Exercise aim
Please transcribe only the lines between the one containing "我国中铁在本计算周期,有4个" and the end of the records, both ends included, exactly as written; skip every picture.

####################

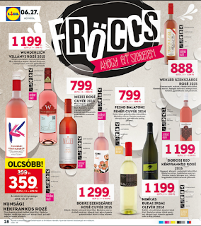 Pojawiły się wina znanych producentów – Nyakas Budai Irsai Olivér 2014 (1199 HUF – 16,50 PLN), czy też Hilltop Pinot Grigio Rosé 2015 (799 HUF – 11 PLN), ale mamy tu również wina z małych winiarni, czy też nawet bio. Dużo jest win z południa Węgier i z okolic Balatonu, nie spodziewajcie się żadnego tokajskiego. Jeśli chodzi o szczepy, mamy sporo Kékfrankosów – pięć, co doskonale oddaje rosnące zainteresowanie tym szczepem. Nie ma tu jakichś świetnych strzałów, są i przemysłowe zlewki (lidlowy Kunsági Kékfrankos), ogólnie jest to przyzwoita oferta, zwłaszcza w swoim przedziale cenowym. Cieszy duża ilość win różowych. Jeśli będziecie przejazdem lub na wakacjach na Węgrzech śmiało uderzajcie do tutejszego Lidla, by poznać smak odświeżających szprycerów i nie tylko – podano nawet kompozycje najpopularniejszych mieszanek. Oferta ważna w dniach 27-29 czerwca 2016, lub do wyczerpania zapasów. Całość oferty znajdziecie tu.
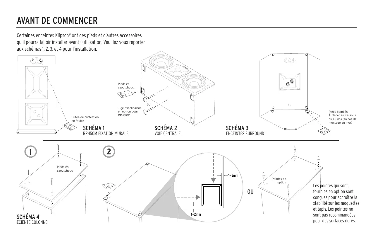 équipés de bornes de raccordement jumelées. Dans le cas d’un raccord avec un seul câble, la barre de raccord de la borne doit rester en place. Dans le cas d’un raccord double amplification ou à deux câbles (bi-câblage), la barre de raccord de la borne doit être retirée. Veuillez consulter le manuel de votre amplificateur pour de plus amples instructions. Exigences relatives à l’amplificateur — Les enceintes Klipsch sont extrêmement efficaces et fonctionneront aisément avec un large éventail d’amplificateurs. Toutes les enceintes Klipsch ont une impédance de 8 ohms et peuvent fonctionner à très haute puissance avec peu de distorsion. Compte tenu des niveaux sonores élevés que les enceintes Klipsch sont capables de restituer, soyez prudent avec le réglage du volume. Un volume excessif pendant de longues durées peut causer des dommages irréversibles de l’ouïe. Une surcharge de votre amplificateur pourrait également endommager vos enceintes. Consultez votre revendeur pour vous assurer que votre amplificateur est adapté à votre application. Nous voulons que vous écoutiez pendant toute votre vie.
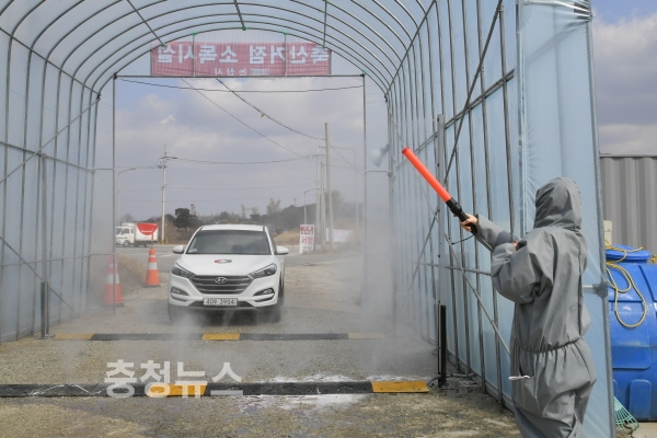 시는 AI발생에 따라 거점소독시설 3개소(부적, 연무, 강경)와 이동통제초소(은진)와 산란계 통제초소(금강LF앞)를 24시간 운영하고 있다.
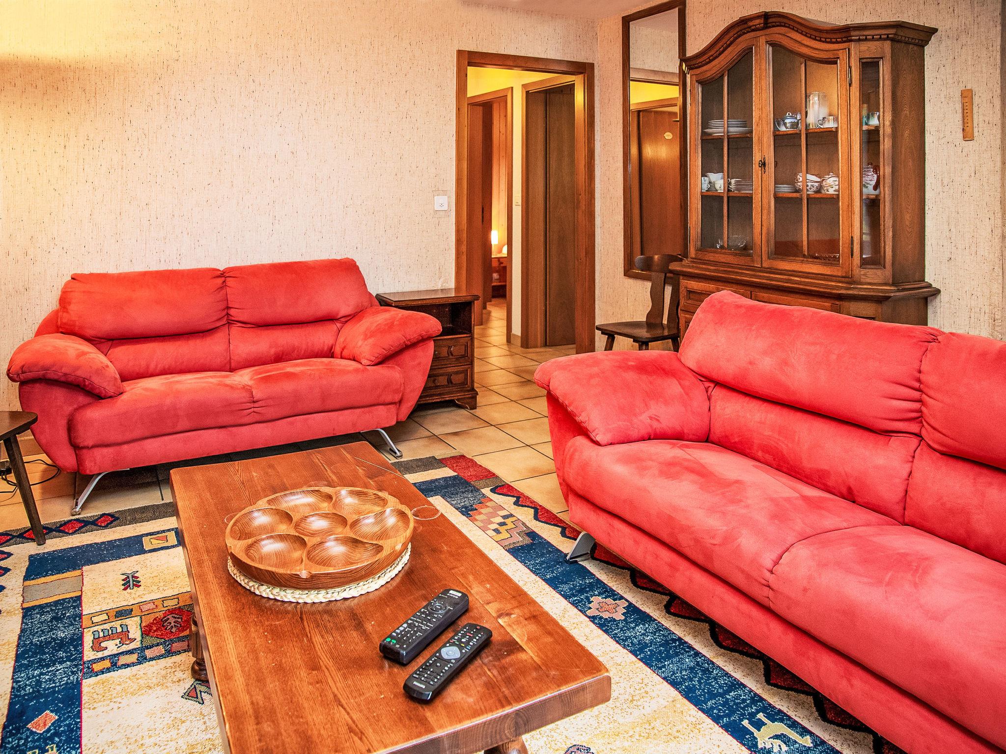 "Roc Lyv", 3-room apartment 73 m2. Comfortable and tasteful furnishings: entrance hall. Living/dining room with open-hearth fireplace, cable TV, flat screen, radio, CD-player and DVD. Exit to the balcony, south facing position. 1 room with 1 bed (90 cm, length 210 cm), 1 x 2 bunk beds (90 cm, length 210 cm). 1 room with 1 french bed. Open kitchen (oven, dishwasher, 4 ceramic glass hob hotplates, microwave, electric coffee machine, Capsules for coffee machine (Nespresso) extra, raclette grill, fondue Set (chinoise, cheese)) with dining table. Shower/WC, sep. WC. Large balcony 7 m2, south facing position. Very beautiful view of the mountains. Facilities: Internet (WiFi, free). Parking, garage. Please note: non-smokers only.
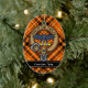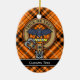 Insignia escudo de Halloween con bate volador rodeado de correa y hebilla sobre fondo tartán. Texto personalizado en ambos lados.
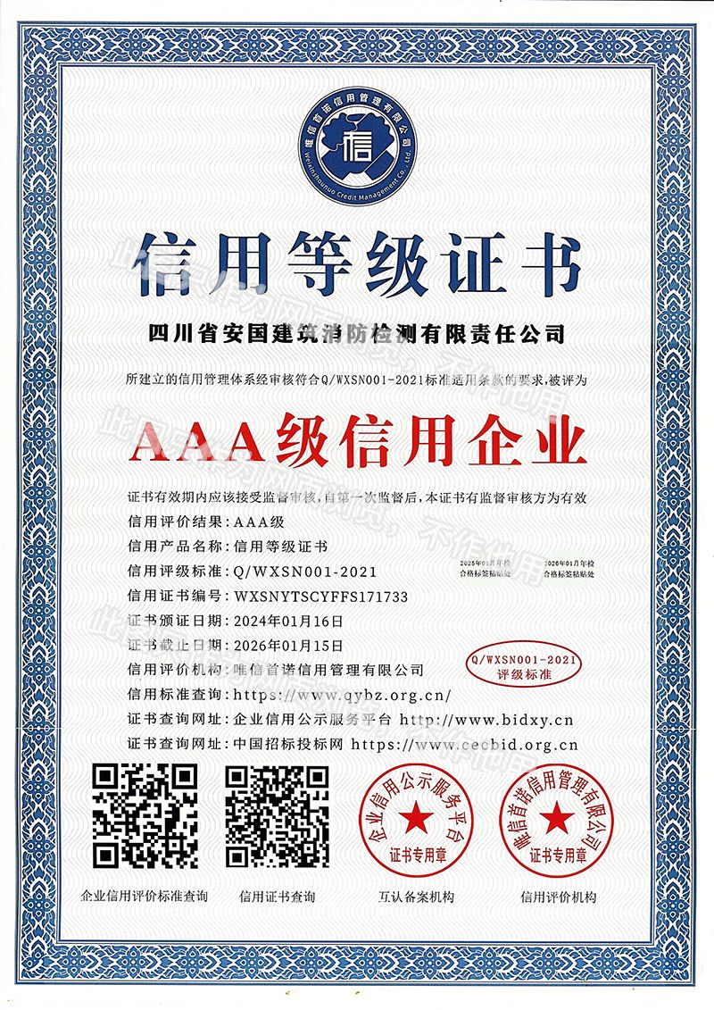 四川省安國建筑消防檢測有限責(zé)任公司,成立于1998年,經(jīng)四川省公安消防總隊(duì)批準(zhǔn),工商部門注冊的獨(dú)立法人單位。
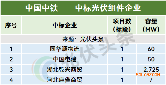 我国中铁在本计算周期,有4个项目(标段)定标,容量112.73MW。湖北乾兴商贸、河北麻雀商贸等中标。
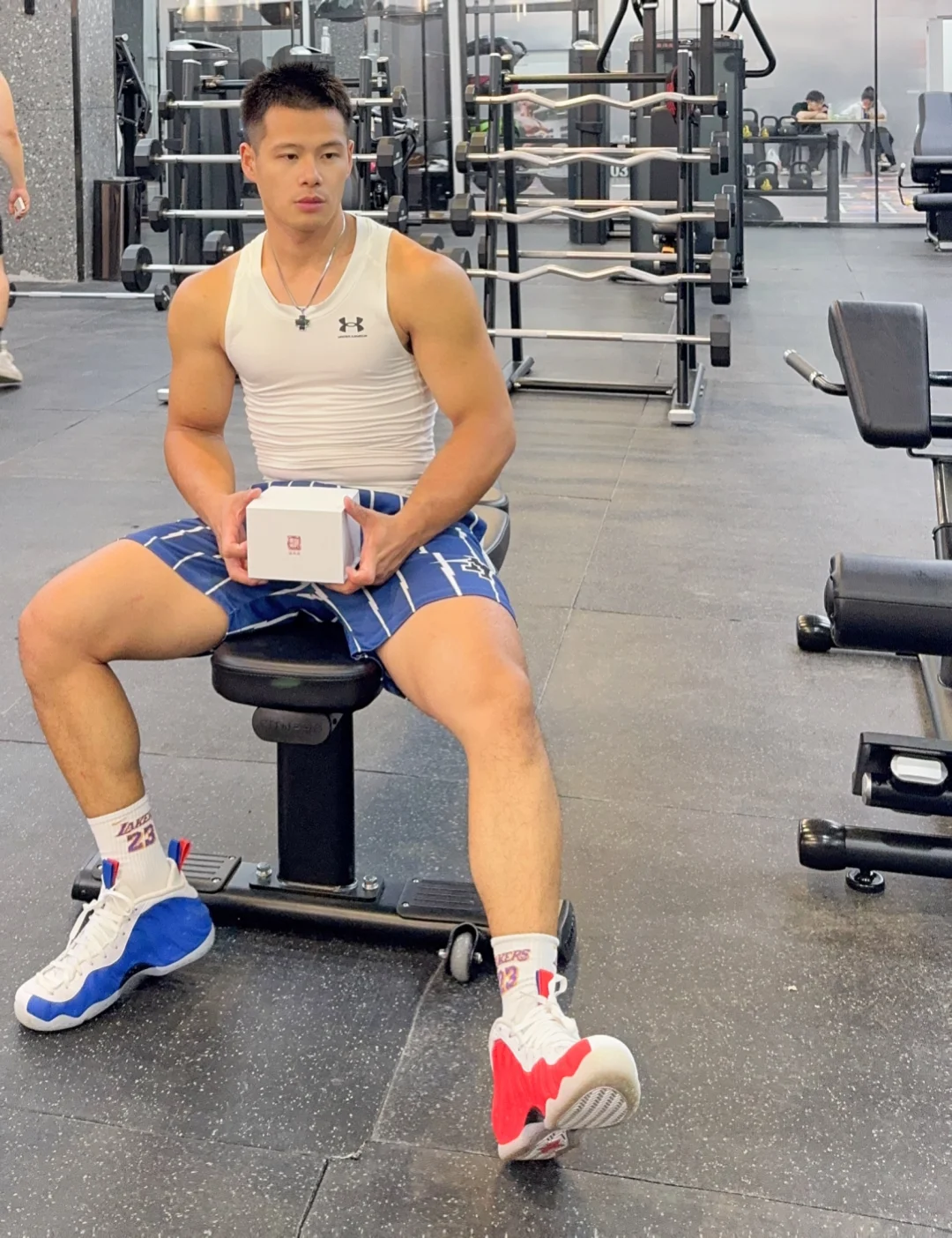 运动后放松时刻,穿红色卫衣,享受宁静时光。
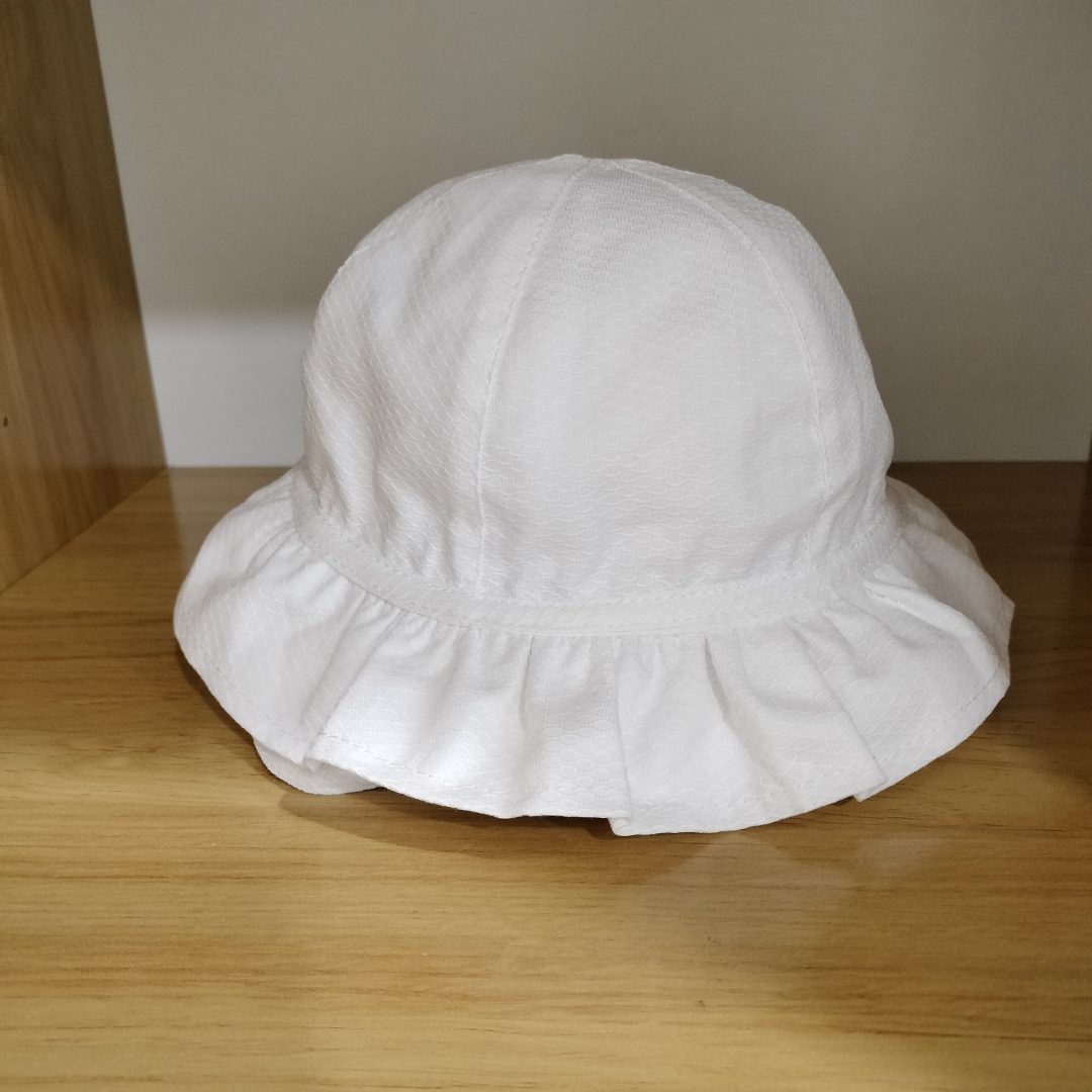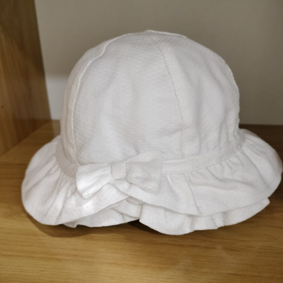 Pamela  de bebé  de tejido piqué blanco con ala plisada y adorno de lacito.

####################

Output for this exercise
 我国中铁在本计算周期,有4个项目(标段)定标,容量112.73MW。湖北乾兴商贸、河北麻雀商贸等中标。
 运动后放松时刻,穿红色卫衣,享受宁静时光。
 Pamela  de bebé  de tejido piqué blanco con ala plisada y adorno de lacito.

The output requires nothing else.